# Good shorts like Fumic's but not too $$$



## zephxiii (Aug 12, 2011)

What are some good not expensive shorts like what Manuel Fumic wears:









And ones with pockets too. I got some cheap baggy shorts off of pricepoint but they are wayyyyyy too baggy (really baggy). I usually wear cycling shorts under my regular shorts, the regular shorts can be a lil too baggy at times plus they absorb sweat etc. It would be nice to have something like Fumic's as it's not too baggy and deals with sweat/rain better.


----------



## captsensible (Aug 25, 2014)

What kind does Fumic wear?

I don't know your price point, but Endura makes quality baggies in a variety of different weights. The Humvee are light, and the Singletrack II are a little heavier. I have both and think they are great.

Endura - Products

Not sure what you are thinking price wise tho.


----------



## zephxiii (Aug 12, 2011)

Well I like the Endura stuff... I have one of their wind/rain shell jackets and some tights. 

I'm mostly looking for 'great deal' type shorts instead of shelling like 80 out for one pair etc or whatever... if anyone knows of any.


----------



## Frantic (Apr 24, 2014)

I second the Endura Singletrack II..It seems like the one in the picture. I have it and I am very satisfied with it. Lots of pockets space(back-front), thin material in croch area and cordura elsewhere..dries quickly
Very nice fit with adjustments.. I dont like tights and this is baggy enough for my tastes.


----------



## stiksandstones (Oct 7, 2004)

TLD/Troy Lee Designs has completely renovated their ACE line, to be more XC race specific.

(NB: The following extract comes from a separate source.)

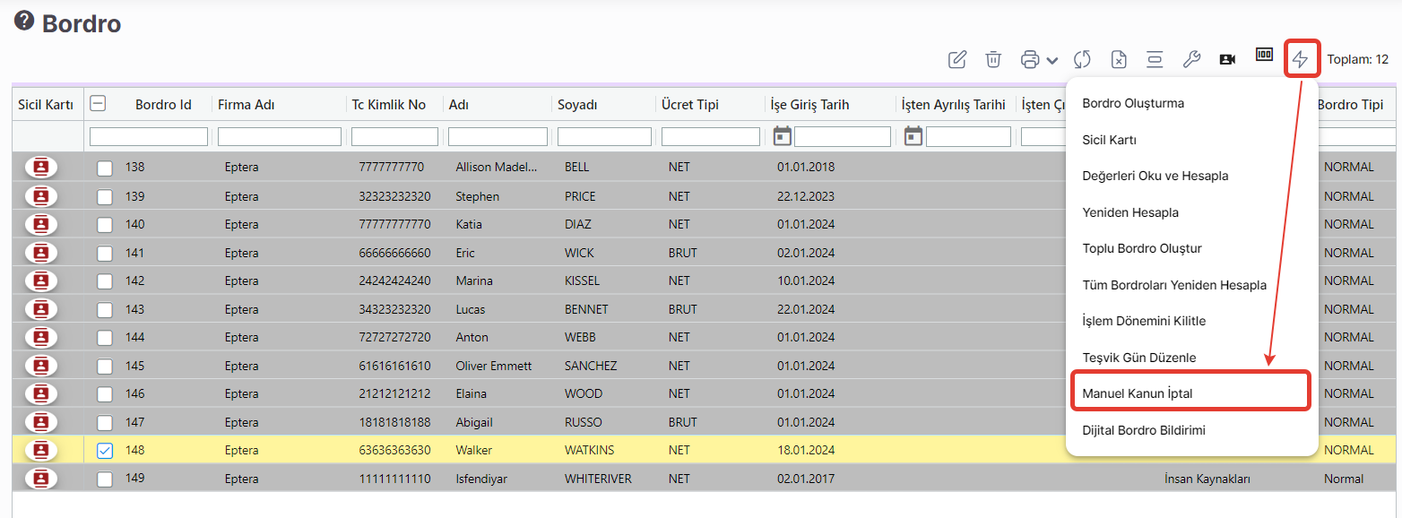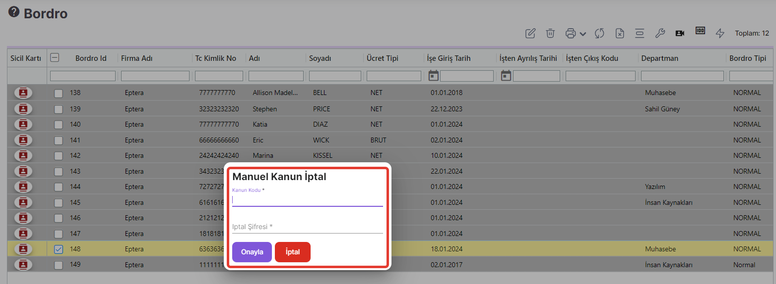 Oluşturulmuş bordrolarda kanun iptali yapmak için kullanılacak şifre belirleme alanıdır. Bordro menüsünde işlemler içerisinden manuel kanun iptal butonu ile seçilen bordrolarda kanun iptali için sistem tanımlanan şifreyi girmenizi isteyecektir. (bknz 2.görsel) Şifre girilmediğinde sistem kanun iptaline izin vermeyecektir.

For 2014 the ACE short was all new, and a new slim/athletic fit, with laser cut vent holes, lightweight fabric and includes a premium chamois/liner short that is removable. Troy Lee Designs® | Ace Short
Russell Finsterwald of SRAM/TLD racing chooses these when he is not wearing Lycra.


----------



## zephxiii (Aug 12, 2011)

I'm back on the hunt for shorts now that we have finally exited winter. I scored some awesome winter pants for 36 dollars on amazon, why the hell can't I find some awesome shorts for the same kinda money?? Something not ultra baggy, good pockets, and water repellent...and NOT cotton.


----------



## zephxiii (Aug 12, 2011)

Some options:

http://www.amazon.com/Outdoor-Manag...id=1428284407&sr=1-32&keywords=cycling+shorts

http://www.amazon.com/Fox-Racing-Hy...id=1428284010&sr=1-14&keywords=cycling+shorts


----------



## zephxiii (Aug 12, 2011)

I ended up buying these earlier in the week:

http://www.amazon.com/gp/product/B0012BRUHC/ref=oh_aui_detailpage_o00_s00?ie=UTF8&psc=1

I tried them on yesterday but didn't ride. I think they will work great, light, comfy, plenty of movement, and nice.


----------



## Pac8541 (Mar 23, 2015)

I like buying liners and wearing lightweight hiking shorts over them. Seems like a more versatile set up for me. Brands like Patagonia, OR, Kuhl, and some of the REI branded items work double duty since I do a lot of backpacking and camping with them also. They generally have pocket layouts that make sense and are constructed of performance oriented fabrics with a fit that encourages leg activity.


----------



## mtnfiend (Feb 26, 2004)

I find most MTB short too much like Moto pants covered in too many logos, too long, too baggy, and with poorly placed pockets.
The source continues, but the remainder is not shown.